実のところ、航空会社は業績が悪化しても倒産・閉業するとは限りません。多少はマシな業績の航空会社と合併(吸収)することも多いです。

今回すでに合併へと動き出している航空会社もあります。
マレーシア航空とエアアジア等です。
もともとマレーシア航空は長年業績悪化と戦っており、2015年に国営企業傘下となることで、事実上の国営化がなされていました。
(2014年に行方不明となり、その後現在に至るまで見つかっていないマレーシア航空370便、と聞けば、思い当たる方も多いかもしれません)

こういった合併が起き、2国間をつなぐ路線が1つしか存在しない場合、値上がりする可能性は高いと言えます。競争原理が働かないからです。
第三国を経由する方法もありますが、現在の衛生意識の中で第三国を通過するのは、おそらくハードルが高くなるでしょう。

コロナによる減便で留め置かれている航空機
フランクフルト空港では、滑走路の1本を閉鎖し、飛行機の駐機場にしている。

反動で流行る可能性も

もちろん悲観的な見方ばかりではありません。楽観的な要素も追加しておこうと思います。

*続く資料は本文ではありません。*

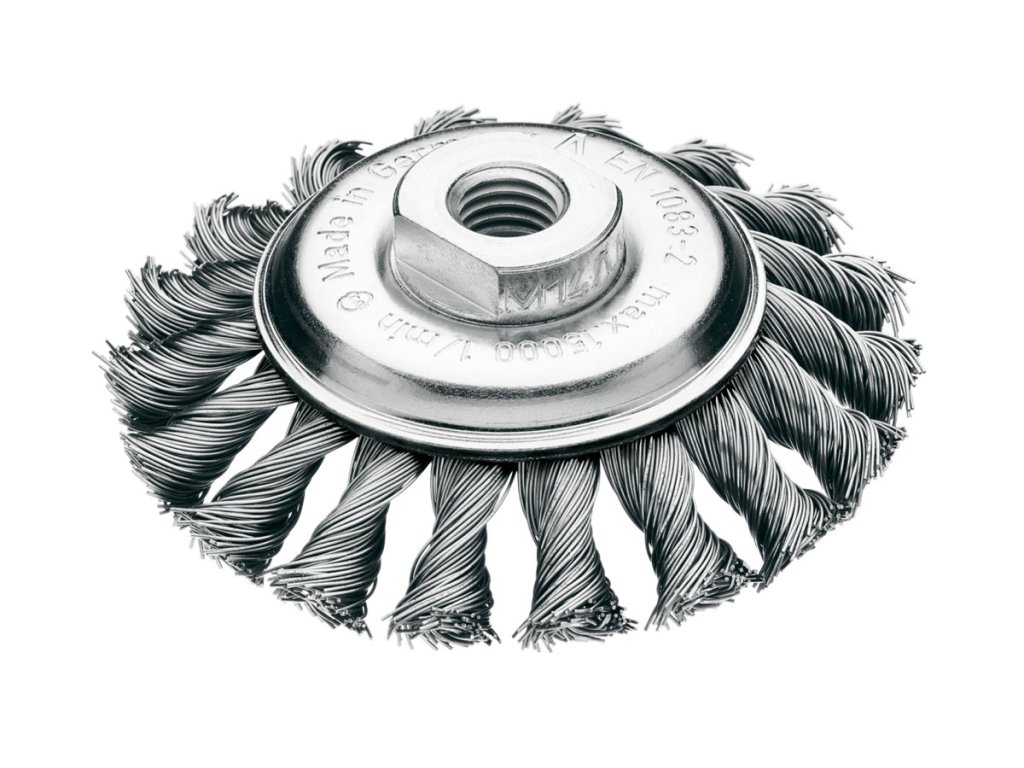 472257V4 | Kužeľová kefa, splietaný drôt 115x12 / 0,50 oceľový drôt rovný
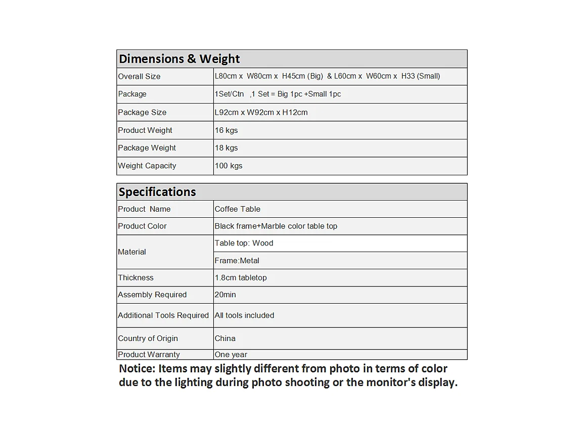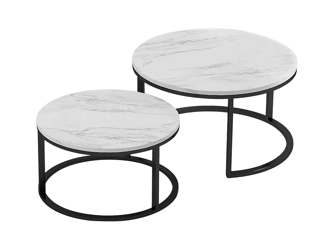 Lot de 2 Tables Basses gigognes, avec marbré brillant, Noir et Blanc
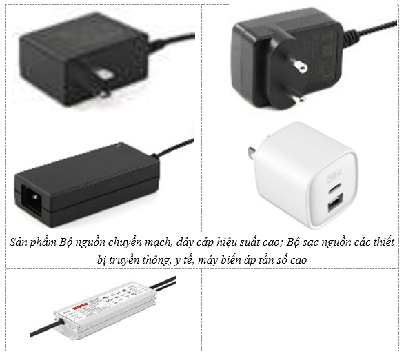 1.3.2.1.Quy trình sản xuất, gia công, lắp ráp Bộ nguồn chuyển mạch, dây cáp hiệu suất cao; Bộ sạc nguồn các thiết bị truyền thông, y tế, máy biến áp tần số cao
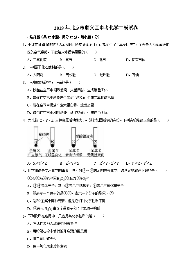 【内容简介】2019年北京市顺义区中考化学二模试卷(word解析版)
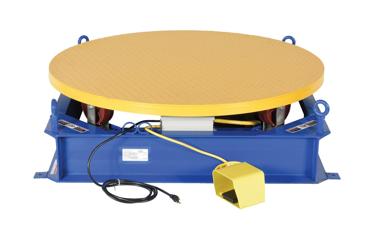 The stand alone powered carousel easily rotates pallets, skids, and other large objects with this rugged powered carousel. This carousel includes a round tread plate turntable that is supported with inverted casters for use as bearings. Also included; turntable, base, power unit, and fixed-speed control. Unit has a heavy-duty steel construction.
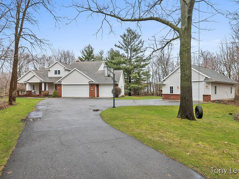 Offer received! Seller instructs broker to hold all offers until 4/15/2023 @ 5pm. Major price adjustment of 45k making this an extreme value, better hurry! Experienced high quality custom home builders own home. Prime location set way off of the road. Private w/pines, woods and deer. Kent trails adjacent to property w/gate to trail. 24x32 matching + sided out building that is finished with attic, 9' door, 220 electric, heater. Well maintained and updated with pride of ownership. Complete kitchen update in 2018 with custom built cabinets w/soft close. Many custom features including spice rack, organizer center w/usb ports, trash, recycle, hidden cabinet w/false panel for valuables, utensil drawer, quartz and granite w/subway tile backsplash. Recently redone back entry mudroom w/lockers, main floor laundry, updated 1/2 bath. Lots of fresh paint + flooring. Roof new Dec 2021 (tear off) Exterior painted 2 years ago. Well designed floor plan w/2 story great room w/great views of gorgeous lot, 14' ceilings + 2 way fireplace. Main floor master bedroom suite, w/whirlpool, tile shower, walk in closet w/quality built ins + closet system. French doors to main floor office w/custom cabinets, cupboards, and crown molding. Dining area w/2 way fireplace door to large composite deck, custom built in seating bench very sharply updated w/Montana wood. All bedrooms up are very large, all w/double closets. Theater room w/insulated walls + ceilings, custom table + seating. 7.1 surround sound system playhouse in lower daylight level. Outside is country in the city. 2.51 acres, long paved driveway, apple trees, blueberry bushes, perenials, japanese maple, large deck w/top of the line trex decking, 18x34 heated ag pool, woodshed, firepit, house has beautiful large covered porch. Lots of custom features including maple hardwood floors, 6 panel doors, auxiliary wood burner connected to ducts, huge fenced in garden, fenced section for dogs. Water quality is 1 in 10,000 per water contractor, UG Sprinkling, Huge 3 1/2 stall garage that fits 4 cars. H+C water drain and finished, insulated, attic w/stairs, cupboards and lots of storage. Stairs going to basement. Wired for generator. 200 amp electric. Room desc: Foyer, office, mbr suite, gr, da, kitchen, 1/2 ba, mfu, mudroom, up 3 br, ba dn fr, 5th br, ba, theater room, mechanicals + storage
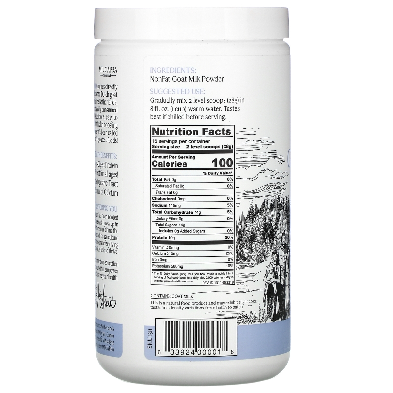 Mt. Capra CapraMilk Обезжиренное козье молоко в виде порошка 1 фунт (453 г) – отзывы, купить с доставкой по Москве и России по цене выгоднее, чем в аптеке | интернет-магазин novosibirsk.fakeoff.ru
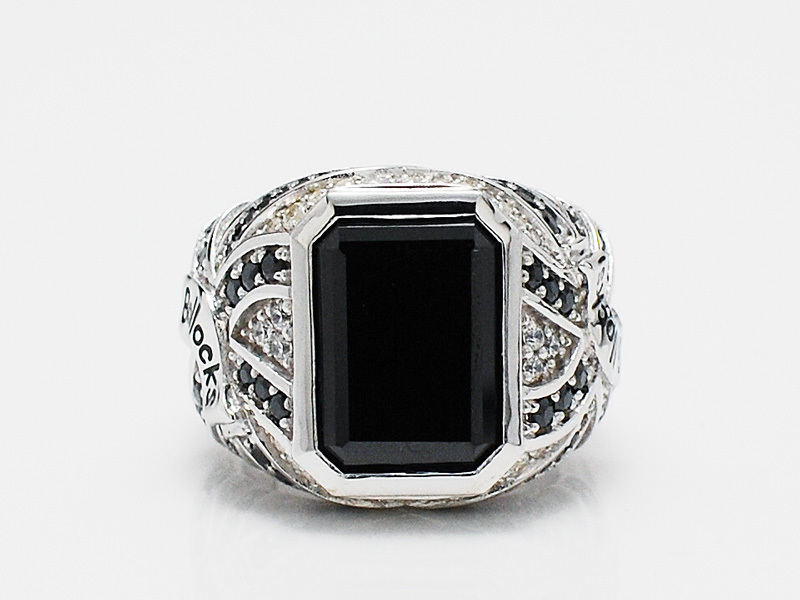 ◆スクエアにカットされた大ぶりのブラックジルコニアが際立つリングです。
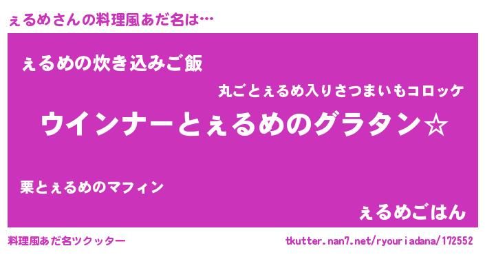 | 意味不明あだ名 | 『ぇるめフォーエバー』『ペロリンぇるめ』 |
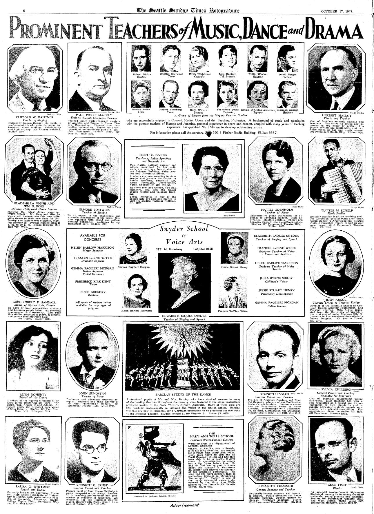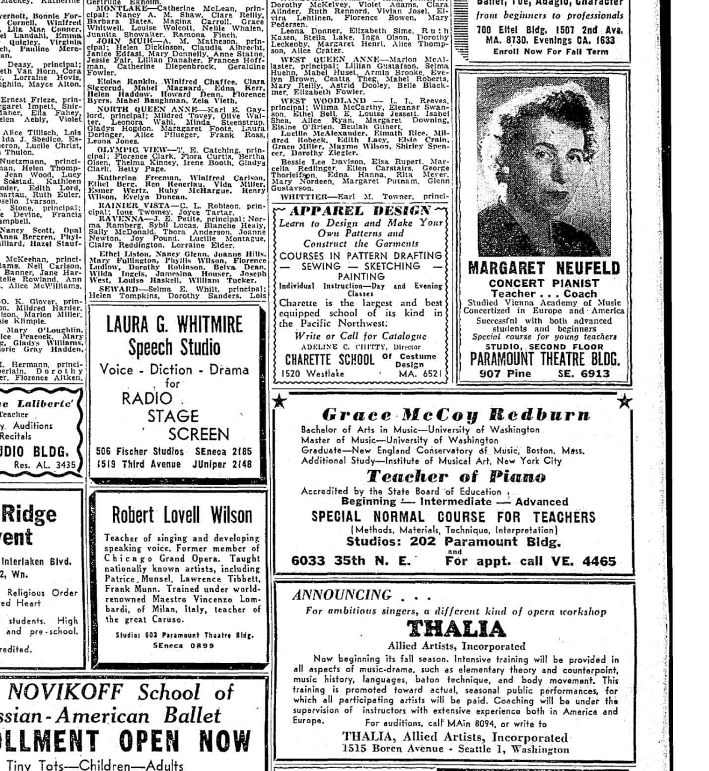 Through the middle of the century, the Paramount’s studio apartments were operating as designed, though it is unclear how many teachers actually resided in the building. Into the 1950s, the Paramount Building appeared in music and acting teachers’ advertisements. From piano to voice to accordion from Walter M. Schlep, the classifieds had a variety of lessons advertised at either 907 or 911 Pine Street or “Ninth and Pine.” A full page circular in the October 17, 1937 Seattle Sunday Times featured “Prominent Teachers of Music Dance and Drama.” Eight were located in the Paramount Building.
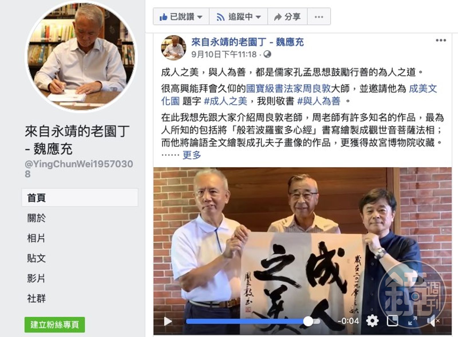 魏應充與周良敦相見歡,是因為邀請周良敦為成美文化園題字,因此影片中可以看到周良敦當場揮毫「成人之美」,而魏應充則是寫下「與人為善」作為呼應。魏應充表示,「成人之美,與人為善,都是儒家孔孟思想鼓勵行善的為人之道。」
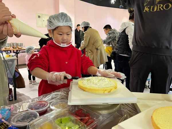 一把切刀、兩盒水果拼盤、多層蛋糕坯,在老師的認真指導下,大傢有板有眼地塗抹著、點綴著,完成瞭一個個富有創意的蛋糕作品。過程中,工作人員還不斷分發剛烘焙好的小餅幹,撲鼻的香氣使活動氣氛不斷升溫,大傢都樂在其中。

今年に入って多くの人が海外旅行を我慢しています。定期的に海外に行くことを生きる糧としている人、海外で暮らしている友人・家族と、無事でいる喜びを分かち合いたい人もいることでしょう。
コロナが終息した際、そうした人達の需要も決して無視できません。
開放ムードで盛り上がることは、コロナ終息にあたって危険なことではありますが、もしワクチンや治療薬が確立されていたなら話は別です。反動で盛り上がる可能性すらあります。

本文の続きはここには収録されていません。